MATERIAL PROVIDED:
══════════
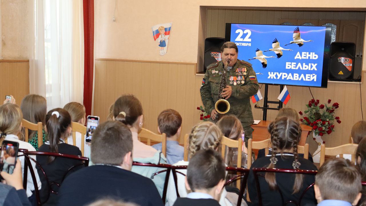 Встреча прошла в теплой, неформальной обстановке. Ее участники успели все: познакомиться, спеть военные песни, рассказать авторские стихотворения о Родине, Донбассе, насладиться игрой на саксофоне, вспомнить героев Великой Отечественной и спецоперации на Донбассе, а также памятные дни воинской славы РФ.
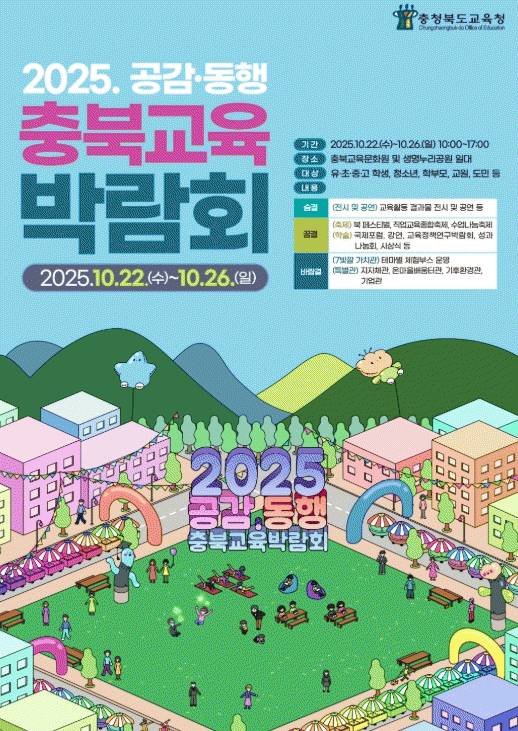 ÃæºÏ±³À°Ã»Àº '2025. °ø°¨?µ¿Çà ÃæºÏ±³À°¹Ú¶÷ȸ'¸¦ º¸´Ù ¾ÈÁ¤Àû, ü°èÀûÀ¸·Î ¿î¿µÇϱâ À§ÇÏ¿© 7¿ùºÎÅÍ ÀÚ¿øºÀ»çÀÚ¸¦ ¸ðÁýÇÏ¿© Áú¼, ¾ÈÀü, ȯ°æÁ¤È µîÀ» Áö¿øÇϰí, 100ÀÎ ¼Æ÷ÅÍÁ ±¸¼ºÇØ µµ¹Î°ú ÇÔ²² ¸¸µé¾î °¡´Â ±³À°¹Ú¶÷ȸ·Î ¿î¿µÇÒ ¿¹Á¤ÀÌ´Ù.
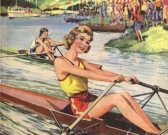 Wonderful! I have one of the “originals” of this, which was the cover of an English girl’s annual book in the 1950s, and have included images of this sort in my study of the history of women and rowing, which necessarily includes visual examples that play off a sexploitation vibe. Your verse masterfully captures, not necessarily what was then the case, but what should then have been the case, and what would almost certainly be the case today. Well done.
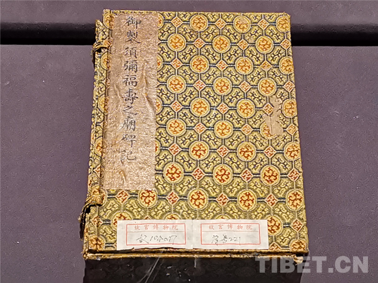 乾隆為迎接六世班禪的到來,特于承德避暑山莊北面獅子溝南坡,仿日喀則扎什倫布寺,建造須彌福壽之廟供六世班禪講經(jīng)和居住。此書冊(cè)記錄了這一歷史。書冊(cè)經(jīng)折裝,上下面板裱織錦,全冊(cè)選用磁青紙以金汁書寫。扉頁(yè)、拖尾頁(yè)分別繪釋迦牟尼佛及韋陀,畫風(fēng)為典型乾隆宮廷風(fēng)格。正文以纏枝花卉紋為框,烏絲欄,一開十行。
══════════
WORK ORDER: Verbatim output, no pictures: the line holding "ÇÔ²² ¸¸µé¾î °¡´Â ±³À°¹Ú¶÷ȸ·Î ¿î¿µÇÒ ¿¹Á¤ÀÌ´Ù." and all lines after it through the last line of the material, with nothing else.

SOLUTION:
 ÃæºÏ±³À°Ã»Àº '2025. °ø°¨?µ¿Çà ÃæºÏ±³À°¹Ú¶÷ȸ'¸¦ º¸´Ù ¾ÈÁ¤Àû, ü°èÀûÀ¸·Î ¿î¿µÇϱâ À§ÇÏ¿© 7¿ùºÎÅÍ ÀÚ¿øºÀ»çÀÚ¸¦ ¸ðÁýÇÏ¿© Áú¼, ¾ÈÀü, ȯ°æÁ¤È µîÀ» Áö¿øÇϰí, 100ÀÎ ¼Æ÷ÅÍÁ ±¸¼ºÇØ µµ¹Î°ú ÇÔ²² ¸¸µé¾î °¡´Â ±³À°¹Ú¶÷ȸ·Î ¿î¿µÇÒ ¿¹Á¤ÀÌ´Ù.
 Wonderful! I have one of the “originals” of this, which was the cover of an English girl’s annual book in the 1950s, and have included images of this sort in my study of the history of women and rowing, which necessarily includes visual examples that play off a sexploitation vibe. Your verse masterfully captures, not necessarily what was then the case, but what should then have been the case, and what would almost certainly be the case today. Well done.
 乾隆為迎接六世班禪的到來,特于承德避暑山莊北面獅子溝南坡,仿日喀則扎什倫布寺,建造須彌福壽之廟供六世班禪講經(jīng)和居住。此書冊(cè)記錄了這一歷史。書冊(cè)經(jīng)折裝,上下面板裱織錦,全冊(cè)選用磁青紙以金汁書寫。扉頁(yè)、拖尾頁(yè)分別繪釋迦牟尼佛及韋陀,畫風(fēng)為典型乾隆宮廷風(fēng)格。正文以纏枝花卉紋為框,烏絲欄,一開十行。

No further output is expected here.